They shoot hockey pucks, don’t they?

Vancouver: Fans of Paul Newman’s 1979 hockey classic Slapshot can stop holding their breath.

Slapshot II Breaking the Ice goes into a month of production at Vancouver rinks March 12. And yes, the notorious Hanson Brothers from the original film return, although 20-odd years older. Other major casting was still underway at press time.

Made for Universal Family and Home Entertainment, the feature is about the Slapshot guys – kind of the Harlem Globetrotters of hockey – who decide they can no longer take being the patsies for whiz-kid hockey players.

Bare-knuckle punches ensue, though given the backer, we assume they’ll be delivered with less vivid language.

Gun play

Liberty Stands Still – a Lions Gate Entertainment feature that promises to raise the hackles of U.S. gun lobbyists – is in production until March 20, with box office powerhouse Wesley Snipes leading the crusade.

Written and directed by Kari Skogland and coproduced by local Ogden Gavanski, Liberty is about a hostage-taking incident involving an arms manufacturer and the debate about the right to bear arms.
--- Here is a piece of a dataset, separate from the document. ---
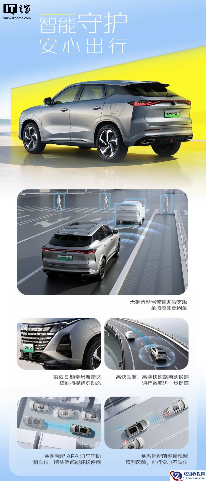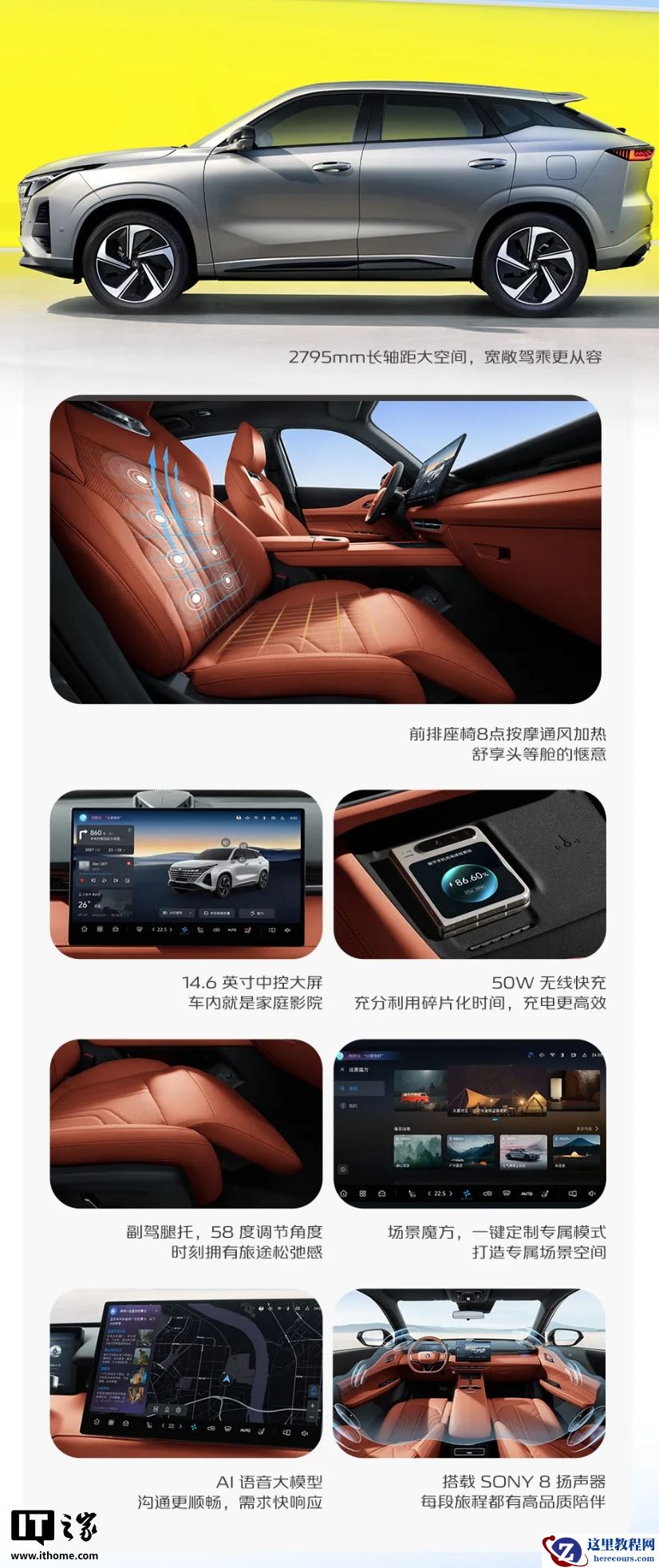2026 款长安 UNI-Z PHEV 搭载 14.6 英寸中控屏 + 10.25 英寸仪表屏,支持 CarPlay、Carlink、HUAWEI HiCar、荣耀车联,配有 Deepseek & 通义千问 AI 大模型,以及 50W 手机无线充电。
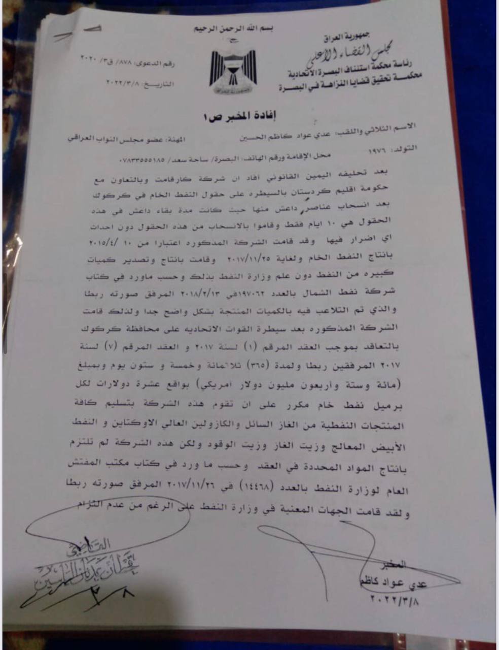 وأردف، أن "دائرة الدراسات والتخطيط بموجب كتابهم في 15 / 7 / 2018، بينت عدة ملاحظات على العقد المبرم مع هذه الشركة، ومنها عدم قانونية إعفائها من الضريبة والرسوم، وبعد انتهاء مدة العقدين الوارد ذكرهما أعلاه، كررت وزارة النفط إبرام العقد المرقم 1 لسنة 2018 المرفق ربطاً، مع نفس الشركة، مع زيادة في كميات النفط الخام المسلّم إليها، حيث بلغ مئة ألف برميل في اليوم، ولقد كررت هذه الشركة نفس المخالفات السابقة".

Linda Fiorentino costars.

One production twist: the shooting schedule is very compressed, leading to speculation that it was an MOW bumped up to a feature or that Snipes and co. are cramming in production before the actors strike.

Stockpiler

Warner Brothers Television, perhaps the busiest big studio in town, is backing at least three series pilots and maybe two features.

A quick week-long shoot will create the presentation pilot of Bad Haircut, involving a boys-coming-of-age storyline.

Frequent Vancouver visitor David Nutter, actually an American who’s forged his producer/director career on Vancouver-made production, is back for a bigger-budget pilot for Smallville. Production runs until the end of the month. Likewise, the WB pilot The Clark Brothers shoots until March 30.

Another pilot not yet official is The Young Person’s Guide to Being A Rock Star.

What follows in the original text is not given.